• Problem to solve: From the line that has "Meet Tara &" down to the last line of the data below, set down every line exactly, but none of the pictures.

• Stored data:
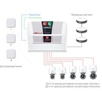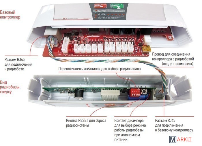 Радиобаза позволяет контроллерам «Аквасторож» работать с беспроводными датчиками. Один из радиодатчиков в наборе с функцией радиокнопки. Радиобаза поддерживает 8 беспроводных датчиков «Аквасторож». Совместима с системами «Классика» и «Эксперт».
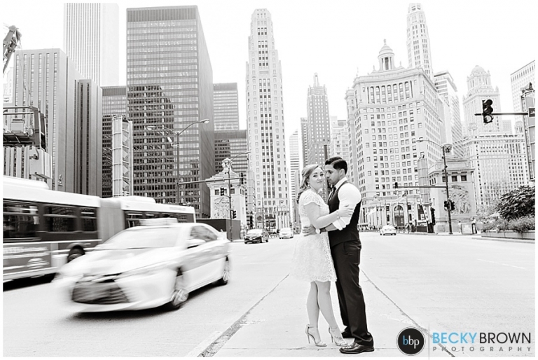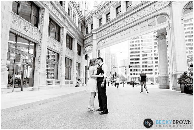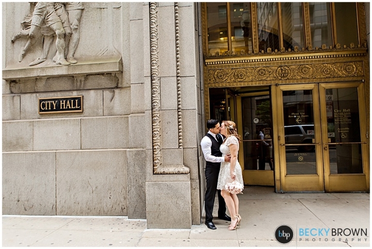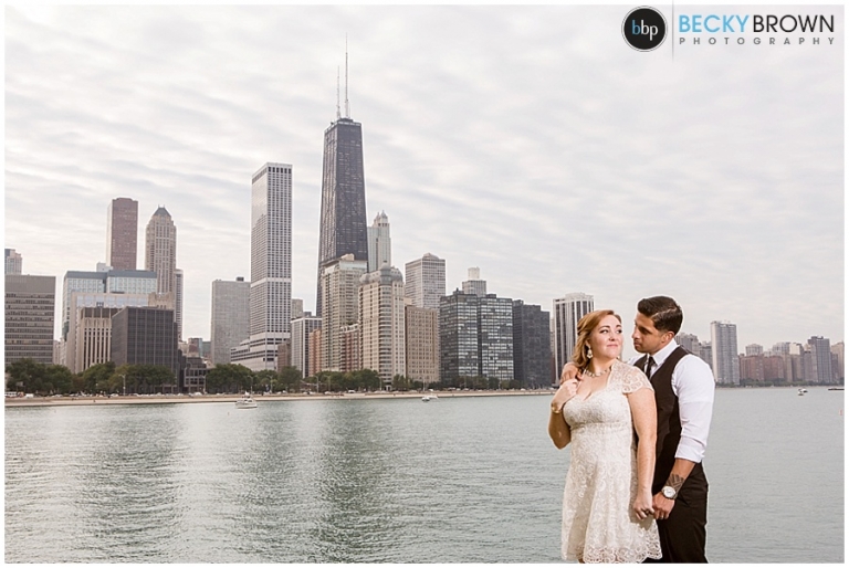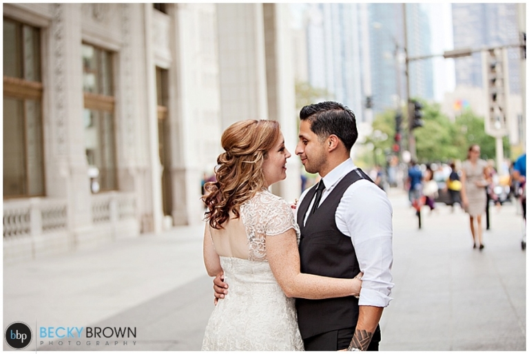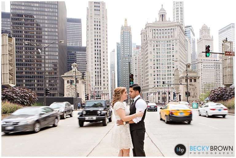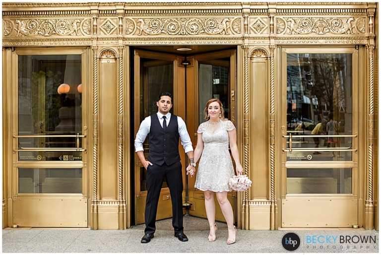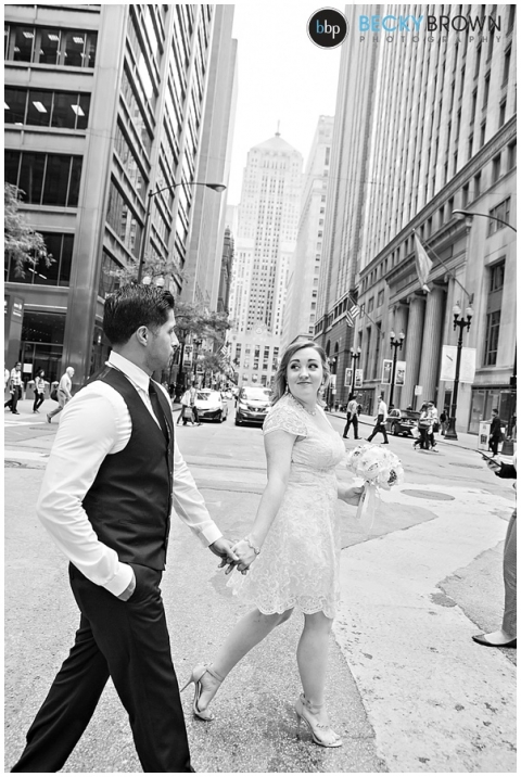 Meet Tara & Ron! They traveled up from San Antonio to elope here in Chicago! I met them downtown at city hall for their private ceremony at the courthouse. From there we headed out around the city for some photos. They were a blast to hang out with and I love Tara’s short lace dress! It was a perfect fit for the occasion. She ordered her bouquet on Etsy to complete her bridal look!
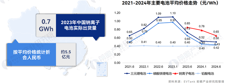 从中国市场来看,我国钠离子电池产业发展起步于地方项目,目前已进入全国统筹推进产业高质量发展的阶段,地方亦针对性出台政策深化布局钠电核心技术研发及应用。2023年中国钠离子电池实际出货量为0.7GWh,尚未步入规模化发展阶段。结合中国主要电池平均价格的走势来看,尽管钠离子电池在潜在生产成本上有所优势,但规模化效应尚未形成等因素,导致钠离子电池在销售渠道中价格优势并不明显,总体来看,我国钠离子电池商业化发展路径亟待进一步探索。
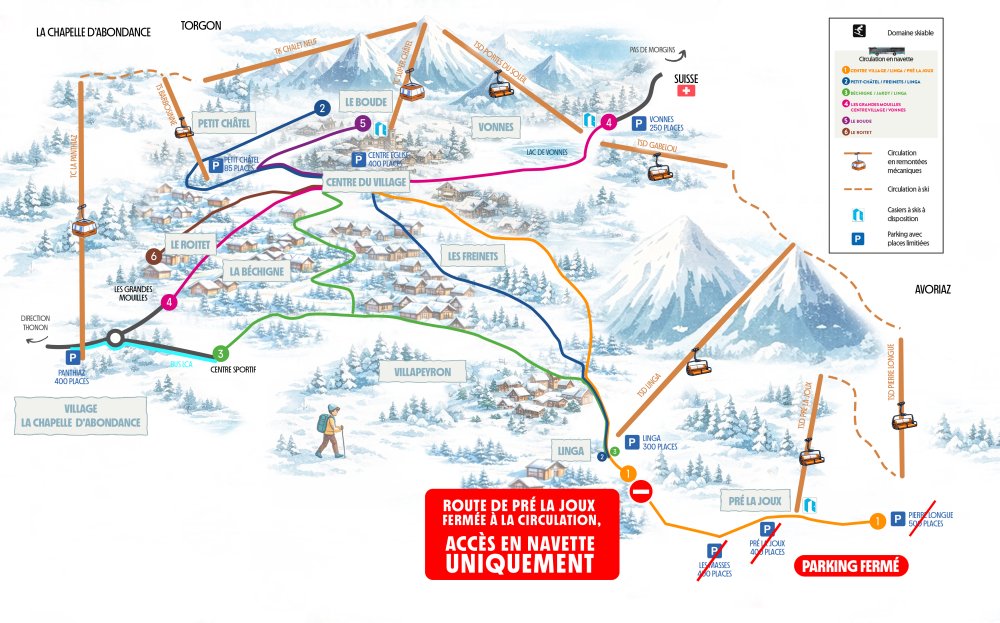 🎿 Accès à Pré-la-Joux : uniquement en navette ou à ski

• Solution to the exercise:
 Meet Tara & Ron! They traveled up from San Antonio to elope here in Chicago! I met them downtown at city hall for their private ceremony at the courthouse. From there we headed out around the city for some photos. They were a blast to hang out with and I love Tara’s short lace dress! It was a perfect fit for the occasion. She ordered her bouquet on Etsy to complete her bridal look!
 从中国市场来看,我国钠离子电池产业发展起步于地方项目,目前已进入全国统筹推进产业高质量发展的阶段,地方亦针对性出台政策深化布局钠电核心技术研发及应用。2023年中国钠离子电池实际出货量为0.7GWh,尚未步入规模化发展阶段。结合中国主要电池平均价格的走势来看,尽管钠离子电池在潜在生产成本上有所优势,但规模化效应尚未形成等因素,导致钠离子电池在销售渠道中价格优势并不明显,总体来看,我国钠离子电池商业化发展路径亟待进一步探索。
 🎿 Accès à Pré-la-Joux : uniquement en navette ou à ski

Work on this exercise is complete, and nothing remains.